===== Records for the task =====
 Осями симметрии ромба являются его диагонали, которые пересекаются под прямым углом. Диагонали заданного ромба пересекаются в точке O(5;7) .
=====
===== Records for the task =====
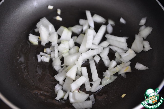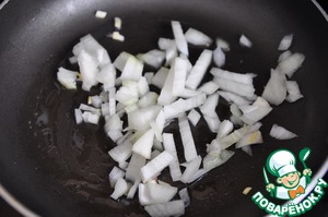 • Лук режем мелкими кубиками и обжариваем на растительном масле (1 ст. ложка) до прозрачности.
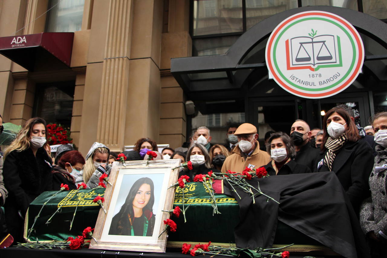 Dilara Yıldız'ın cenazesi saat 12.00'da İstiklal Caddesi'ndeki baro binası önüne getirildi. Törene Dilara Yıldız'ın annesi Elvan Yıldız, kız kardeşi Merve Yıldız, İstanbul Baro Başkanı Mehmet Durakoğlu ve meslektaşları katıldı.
=====
===== Records for the task =====
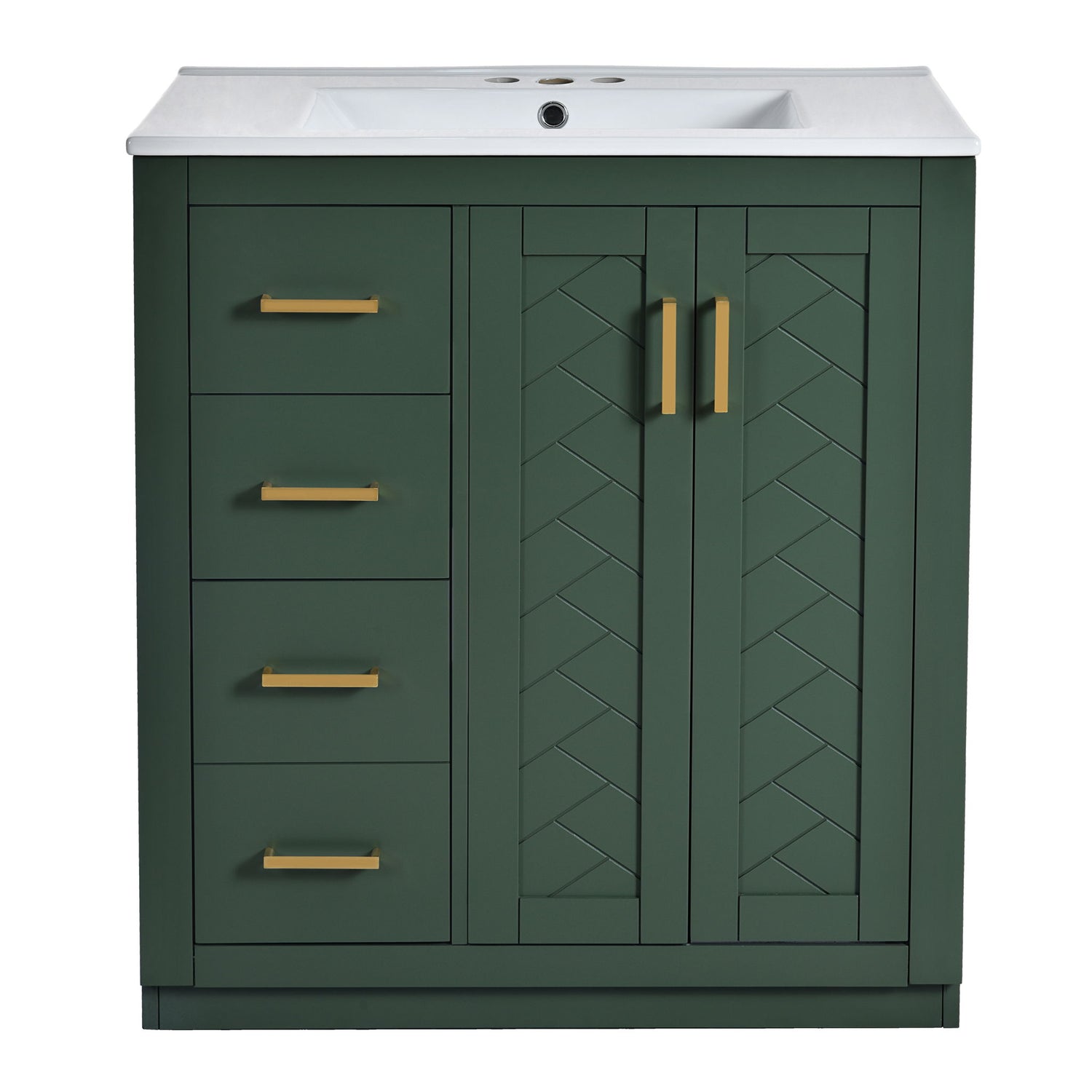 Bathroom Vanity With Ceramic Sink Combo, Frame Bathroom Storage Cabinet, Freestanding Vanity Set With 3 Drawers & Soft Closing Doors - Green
=====
__Task brief__. Skipping every picture, transcribe exactly the lines above from the one containing "ложка) до прозрачности." through the one containing "Dilara Yıldız'ın cenazesi", both included.

__Result below__.
 • Лук режем мелкими кубиками и обжариваем на растительном масле (1 ст. ложка) до прозрачности.
 Dilara Yıldız'ın cenazesi saat 12.00'da İstiklal Caddesi'ndeki baro binası önüne getirildi. Törene Dilara Yıldız'ın annesi Elvan Yıldız, kız kardeşi Merve Yıldız, İstanbul Baro Başkanı Mehmet Durakoğlu ve meslektaşları katıldı.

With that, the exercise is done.